The sailing vessel said "Okay, I'm turning on my GPS, but in the mean time, I'm two blocks from your office and you could come out here and see what the problem is before I get enough signal to give you a position." Silence. "Do you have your GPS position, sir?"
More silence. Then the young Coastie said "Sailing vessel, do you see some bright lights on the shore? " The man in the sailing vessel said "Yes, your headlights are shining right on my boat, and the one that's loose is that one over by the rocks on my port side!"
I half expected the Coastie to announce that he couldn't go outside because it was raining.
Anyway, all's well that ends well, the motorboat didn't go up on the rocks, although our pal Tom had his dinghy flip, and drenched his outboard, and lost his oars. Quel dommage...
We did a Memorial Day sail further south, and had a good time. We made stops in both the Little Choptank and the bigger Choptank Rivers, then sailed home on Monday.
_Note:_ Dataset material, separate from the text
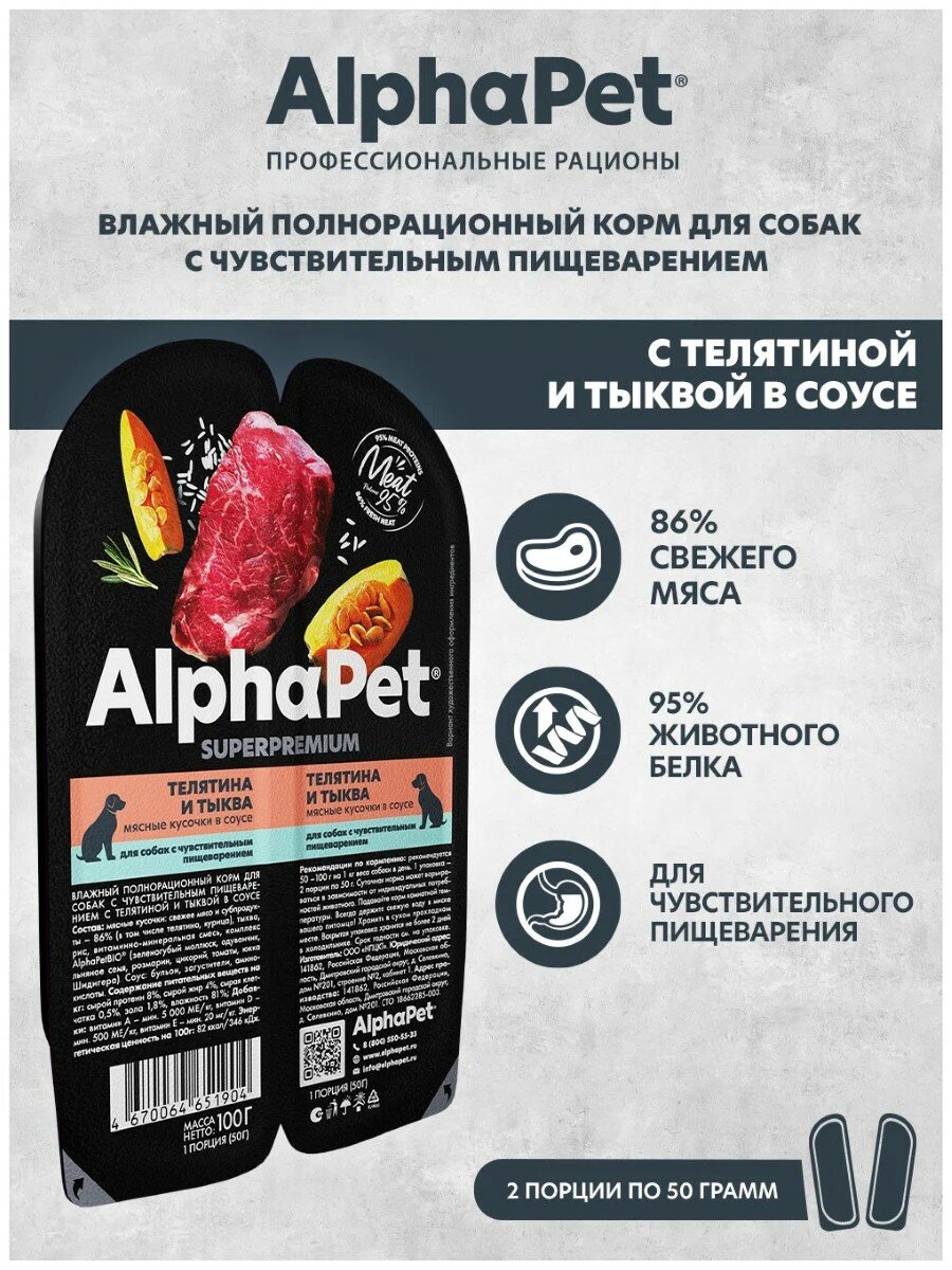 ALPHAPET Adult Sensitive Корм влаж.телятина,тыква д/собак с чувств.пищевар.лам.100г

No excitement, but a treat of Matzoh Brei for breakfast on Monday morning... a "stone soup" sort of arrangement where one boat had matzoh, one had eggbeaters and one had a Vidalia onion. Yum, YUM!
I have my own batteries on the boat, so I no longer worry about not having enough oxygen for sleeping "on the hook" (on the dropped anchor, rather than at a marina with electrical power). I experimented with the length of the batteries with both the oxygen concentrator and the CPAP device, and neither of them came close to draining even one of the batteries while plugged in all night. Further, we have gotten another television which is AC/DC so if I want to watch TV while on the hook, I can do that, too!
My health is reasonably good, I will have another echocardiogram in August, maybe a right heart cath to get into a new study this fall, but so far, so good.